From Andrew Strauss, who gave his innings away with precisely the type of smear he had avoided in yesterday's masterclass, to Andrew Flintoff, whose hoist to deep midwicket was one of those forehead-slapping moments that periodically litter his play, England's batsmen lined up to be shot down. But in the end, they reaped what they had sown, and just about balanced their books with a joyride of a last-wicket partnership that was as successfully reckless as the middle-order collapse was merely plain reckless.
There is nothing more certain to drive a fielding side to distraction than a pair of tailenders swinging away with gay abandon, and while Simon Jones and Steve Harmison were adding 31 for England's last wicket, all of the efforts that Makhaya Ntini had poured into South Africa's fightback were gurgling away like the beerkegs at Castle Corner. It was not the runs so much as the ridicule, particularly for poor Dale Steyn, who had to check his celebrations twice - once when Ntini spilled a diving take at long leg, and again when Steyn himself overstepped for a staggering 16th no-ball.
It could have been curtains for the comeback, but South Africa rallied, and by the close they had secured a slender lead for the loss of just two batsmen. It was a prospect that had seemed a world away at the start of play, and moreover the two men at the helm were the big guns of Graeme Smith and Jacques Kallis. They mustered not a run between them in the first innings - it is inconceivable that they will both miss out a second time around.
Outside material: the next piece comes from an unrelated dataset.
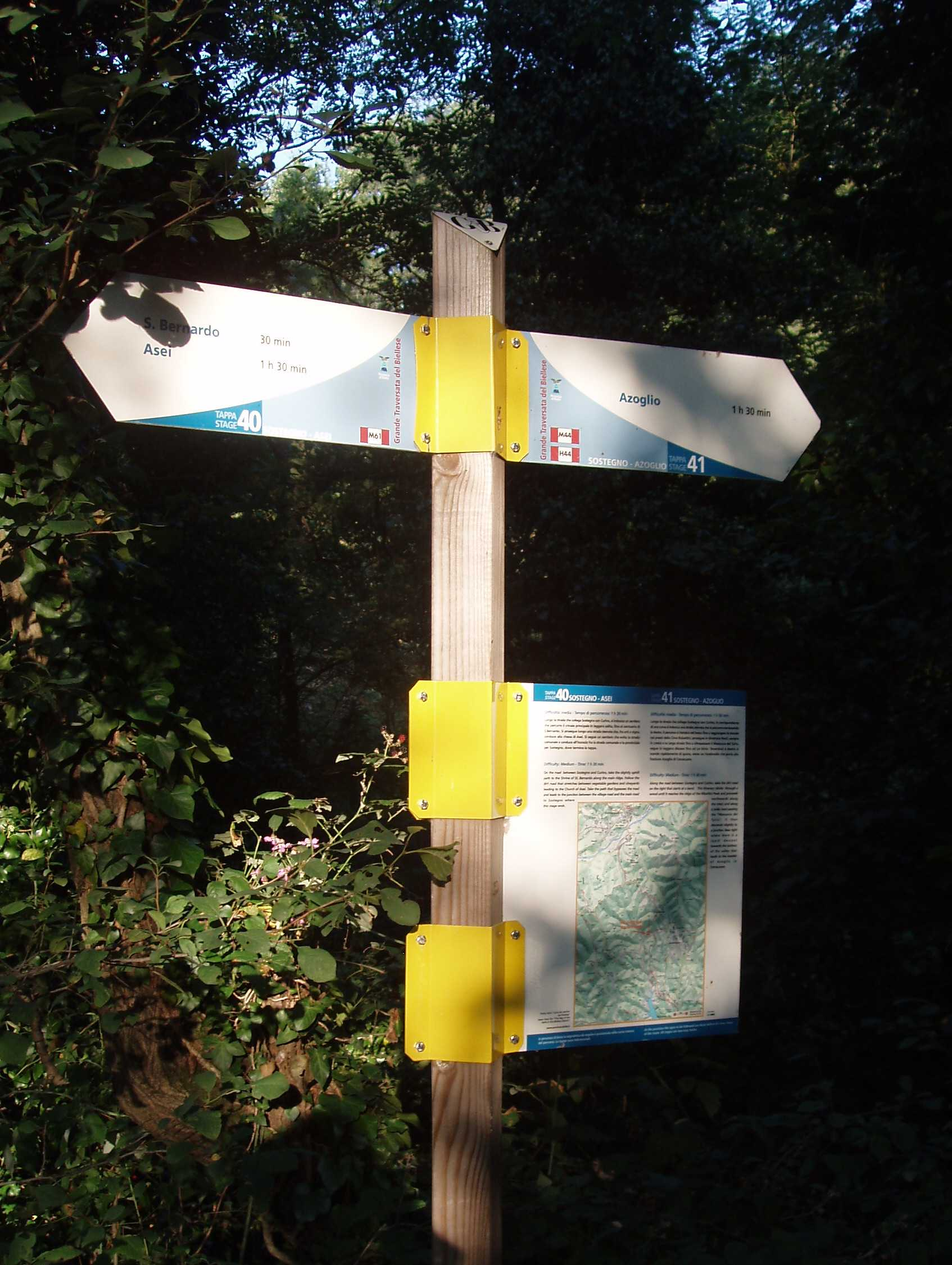 Grande traversata del Biellese

It was a missed opportunity for England. With a bit more application they could have been out of sight by teatime. Instead they face the prospect of a tricky fourth-innings run-chase, although South Africa's lack of a genuine spinning option should still cost them dear, if Ashley Giles's probing late spell is anything to go by.
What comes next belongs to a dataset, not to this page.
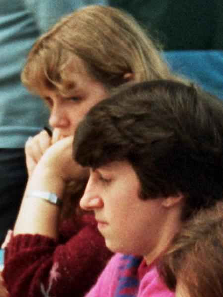 Teresa Needham and Sheila Jackson, Chess Olympiad 1982 in Luzern, Photographer Gerhard Hund.

Mark Butcher's innings was a microcosm of his team's failings. He came into the match under the most intense scrutiny, following his double failure at Potchefstroom, but knuckled down in the early part of his innings, to lay the foundations of what had the makings of a truly formidable performance. But then, with a hundred there for the taking, he played one rash swish to the hostile Ntini, and the walls of the innings came tumbling down.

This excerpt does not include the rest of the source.